BACKGROUND OF THE INVENTION

[0002] 1. Field of the Invention

[0003] The present invention generally relates to a method and apparatus for testing the segregation of particulate materials. More particularly, though not exclusively, the present invention relates to a cost effective method and apparatus for testing the percolation of small particulate materials through a bed of larger particulate materials during shear.

[0004] 2. Problems in the Art

[0005] Currently, segregation of particulate materials can cause a variety of problems and have a large impact on product quality and/or mixing. For instance during mixing, smaller particulate materials tend to settle into the middle of the mix while larger particulate materials tend toward the outer edges of the mix. To achieve the proper mixing of particulate materials and/or the highest product quality, companies must take into account several factors including the proper size ratio of large particles to small particles, the proper starting depth of large particles, and the strain and strain rate to which the particles may be subjected during the mixing process. Currently, no test devices exist for quantifying segregation under dynamic conditions. Therefore, there is a need for a simplified, small and economical means for testing the segregation of particulate materials.

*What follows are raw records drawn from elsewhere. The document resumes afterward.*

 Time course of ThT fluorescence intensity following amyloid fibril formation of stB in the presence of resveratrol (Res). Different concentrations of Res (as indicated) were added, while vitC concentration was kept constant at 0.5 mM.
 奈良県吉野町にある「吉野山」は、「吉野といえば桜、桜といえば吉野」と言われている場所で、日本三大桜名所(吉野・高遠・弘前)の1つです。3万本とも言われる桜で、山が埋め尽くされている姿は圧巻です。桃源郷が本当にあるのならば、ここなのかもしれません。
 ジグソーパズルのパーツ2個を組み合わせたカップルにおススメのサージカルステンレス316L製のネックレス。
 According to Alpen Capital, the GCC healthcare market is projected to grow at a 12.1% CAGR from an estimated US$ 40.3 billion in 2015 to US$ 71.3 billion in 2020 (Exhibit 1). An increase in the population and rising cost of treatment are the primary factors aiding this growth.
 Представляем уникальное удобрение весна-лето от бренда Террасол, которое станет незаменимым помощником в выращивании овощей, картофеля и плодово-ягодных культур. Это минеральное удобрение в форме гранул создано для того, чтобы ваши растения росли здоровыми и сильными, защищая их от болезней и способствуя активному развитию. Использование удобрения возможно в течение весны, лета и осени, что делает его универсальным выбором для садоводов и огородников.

[0006] Features of the Invention

[0007] A general feature of the present invention is the provision of a method and apparatus for testing the segregation of particulate materials which overcomes the problems found in the prior art.

[0008] A further feature of the present invention is the provision of a method and apparatus for testing the segregation of particulate materials which is capable of analyzing various factors which may affect the percolation of small particulate materials through a bed of larger particulate materials.

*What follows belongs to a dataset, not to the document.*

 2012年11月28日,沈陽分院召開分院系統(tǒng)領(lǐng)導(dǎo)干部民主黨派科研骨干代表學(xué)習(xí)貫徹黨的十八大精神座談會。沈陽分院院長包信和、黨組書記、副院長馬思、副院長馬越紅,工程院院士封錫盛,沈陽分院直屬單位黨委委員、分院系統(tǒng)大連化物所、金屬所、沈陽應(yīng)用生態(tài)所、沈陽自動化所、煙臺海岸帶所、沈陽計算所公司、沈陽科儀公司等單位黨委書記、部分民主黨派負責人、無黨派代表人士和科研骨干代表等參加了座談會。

[0009] Another feature of the present invention is a method and apparatus for testing the segregation of particulate materials which is both economical and easy to use.

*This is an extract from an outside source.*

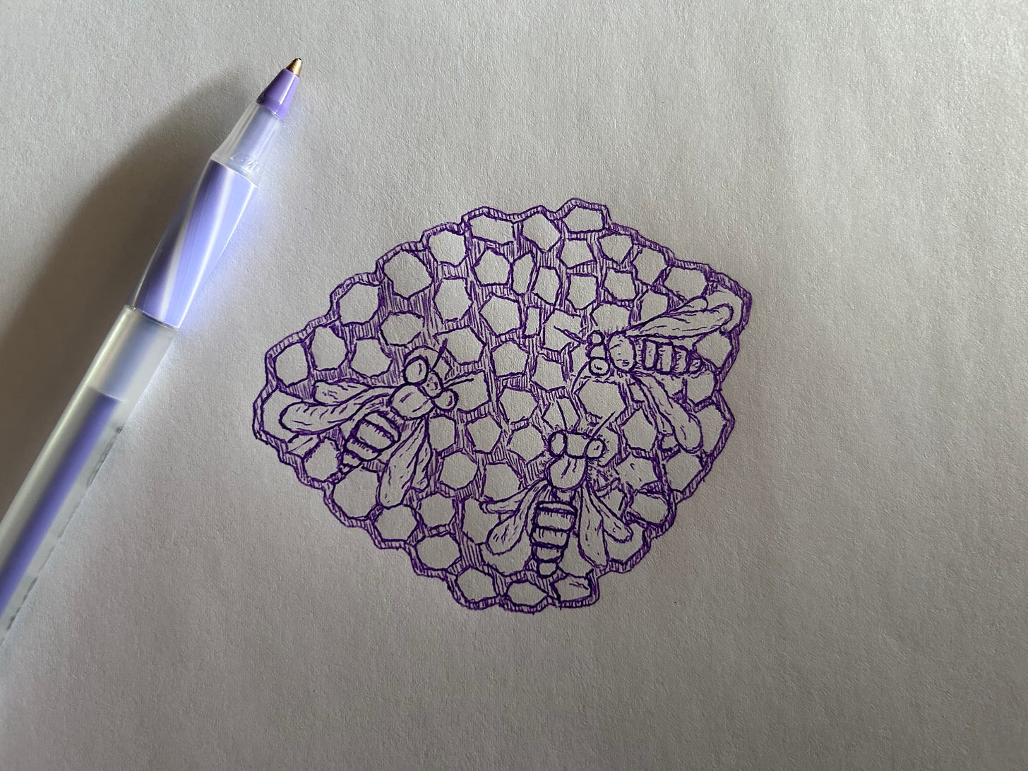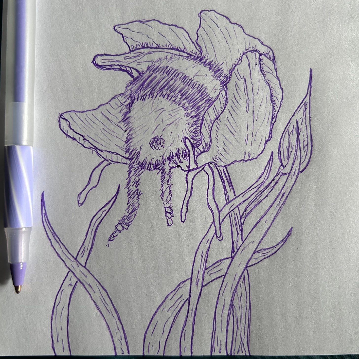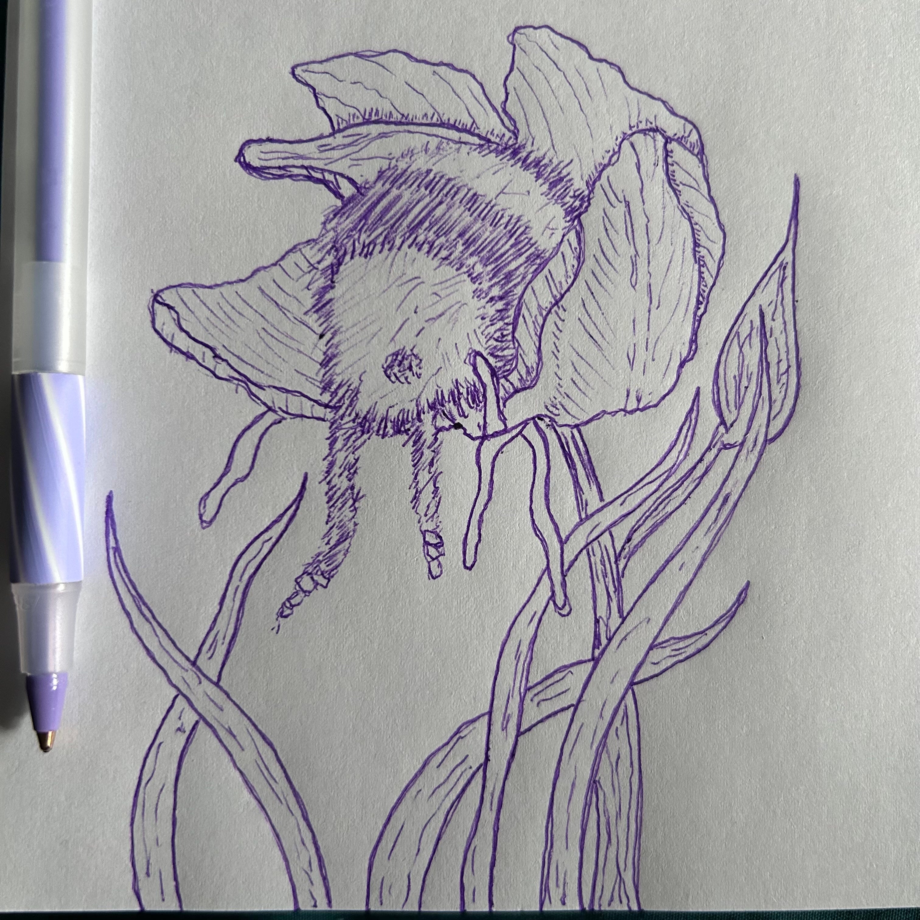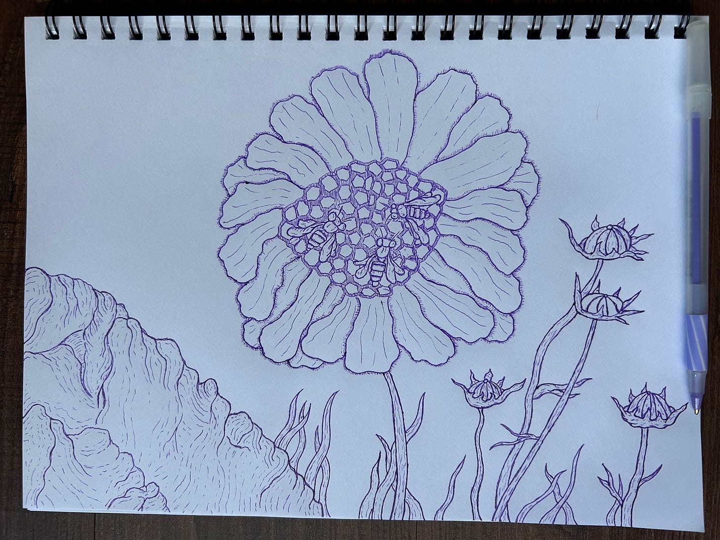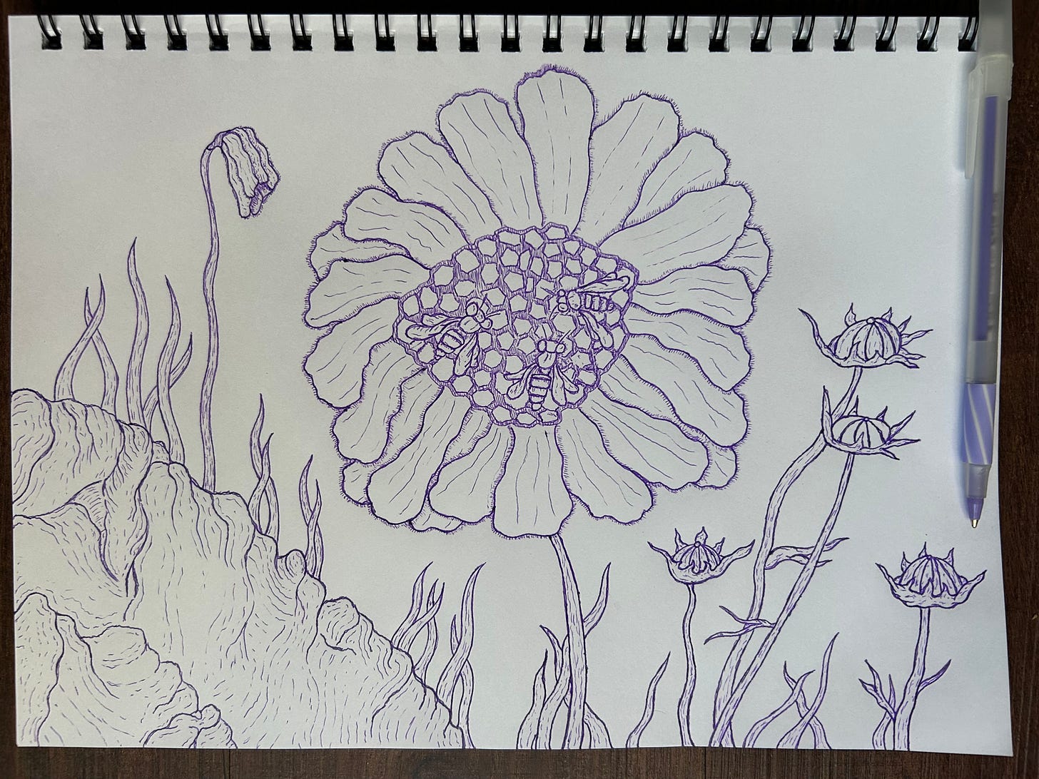 April 8, 9, 10 | Flower and Hive 8.5”x12” pen and ink

[0010] A still further feature of the present invention is a method and apparatus for testing the segregation of particulate materials during shear.

[0011] These, as well as other features and advantages of the present invention, will become apparent from the following specification and claims.

SUMMARY OF THE INVENTION

[0012] The present invention generally comprises a method and apparatus for testing the segregation of particulate materials. The segregation testing apparatus generally comprises a flexible container with a mesh or perforated bottom. A collection tray is placed underneath the flexible container. Preferably, the collection tray is composed of a plurality of compartments. A standard load cell is placed in the collection tray in one or more of the compartments. The load cell is operatively connected to equipment which is capable of generating data based on the amount of particulate material which falls on the load cell.

[0013] Initially, the larger particulate materials are placed inside the flexible container. The size of the perforated, apertured, or mesh bottom of the container is such that it does not allow the larger particulate materials to escape from the flexible container. Further, the size of the mesh prevents the larger particulate materials from completely blocking the mesh.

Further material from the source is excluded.